> [Work instructions] From the first line to the last, output the data exactly as it stands, minus its pictures.

> [Given data]
※

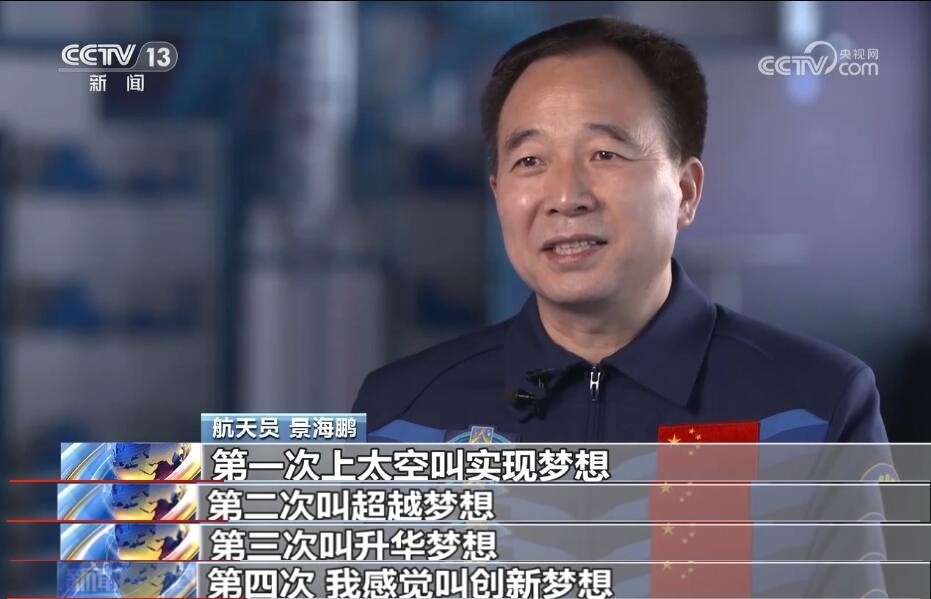 航天員 景海鵬:第一次上太空叫實現(xiàn)夢想,第二次叫超越夢想,第三次叫升華夢想,第四次,我感覺叫創(chuàng)新夢想。很感恩新時代,剛才說如果沒有這個偉大新時代,就不會有載人航天的連戰(zhàn)連捷;如果沒有這個偉大新時代,還夢想飛兩次飛三次飛四次,你想都不敢想,夢都夢不到。
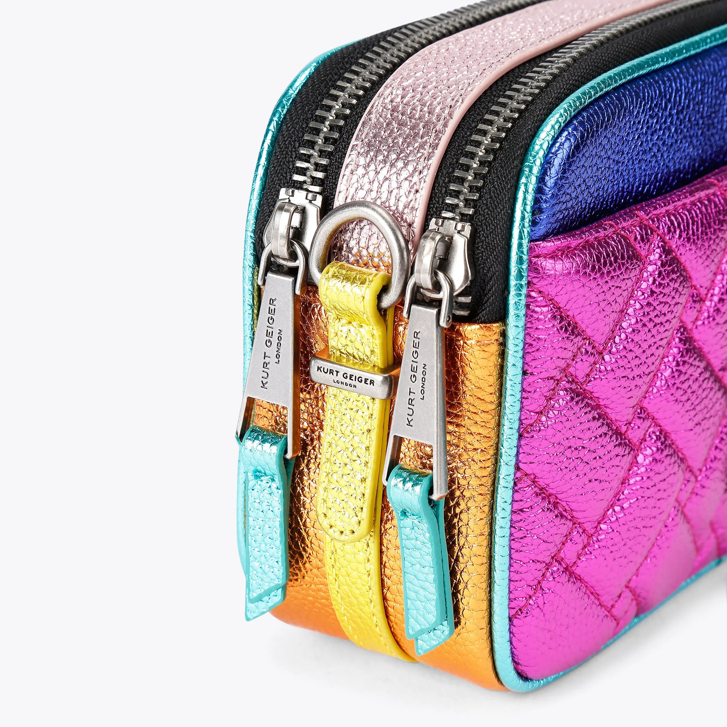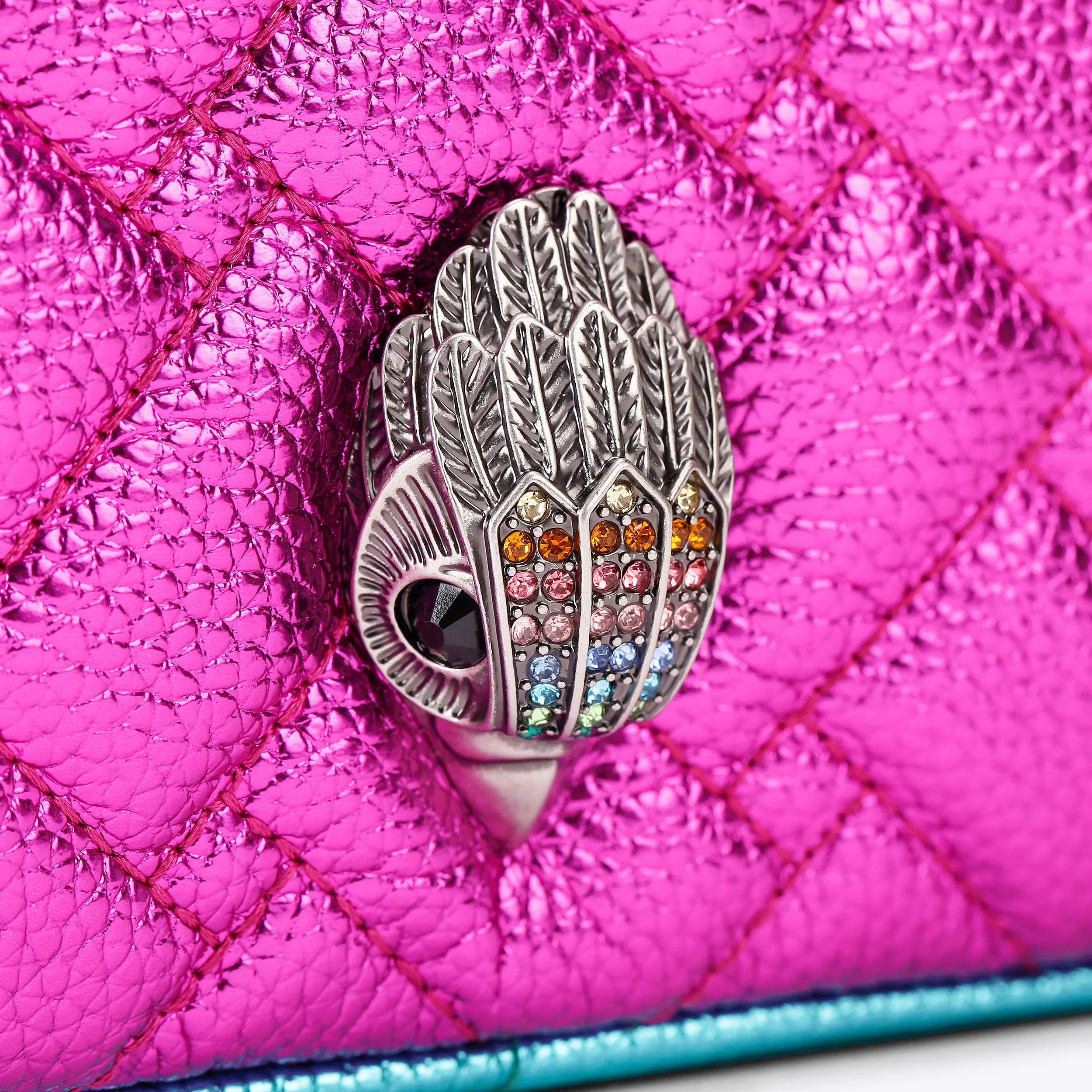 The Kensington Drench Camera purse features different colour metallic pebble grained leathers on the exterior with signature parquet padded overstitch quilting. There is an antiqued silver eagle head with crystals on the front.
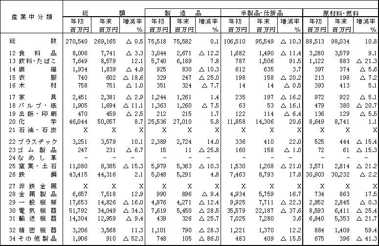 | 従業者30人以上の事業所の年末在庫額は2692億円で、年初に比べ14億円の減少となった。 形態別にみると、 製造品在庫額は、 1億円の増(年初比 0.1%増)
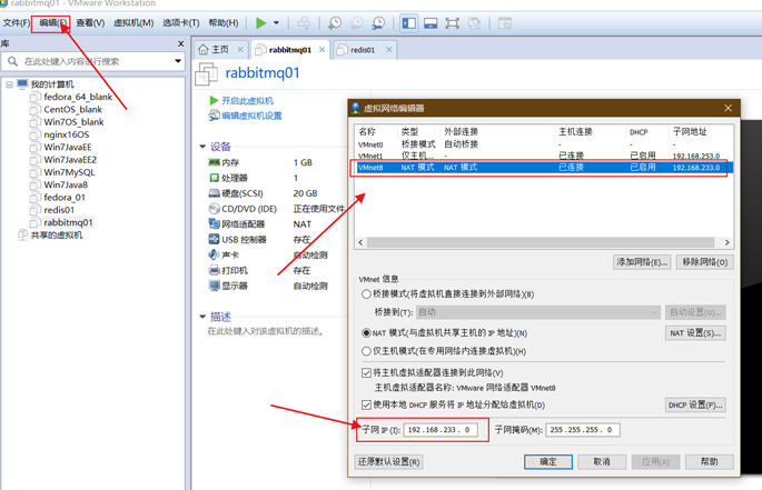 选择Vmnet8 NAT模式,查看子网ip:192.168.233.0

※

> [Response]
 航天員 景海鵬:第一次上太空叫實現(xiàn)夢想,第二次叫超越夢想,第三次叫升華夢想,第四次,我感覺叫創(chuàng)新夢想。很感恩新時代,剛才說如果沒有這個偉大新時代,就不會有載人航天的連戰(zhàn)連捷;如果沒有這個偉大新時代,還夢想飛兩次飛三次飛四次,你想都不敢想,夢都夢不到。
 The Kensington Drench Camera purse features different colour metallic pebble grained leathers on the exterior with signature parquet padded overstitch quilting. There is an antiqued silver eagle head with crystals on the front.
 | 従業者30人以上の事業所の年末在庫額は2692億円で、年初に比べ14億円の減少となった。 形態別にみると、 製造品在庫額は、 1億円の増(年初比 0.1%増)
 选择Vmnet8 NAT模式,查看子网ip:192.168.233.0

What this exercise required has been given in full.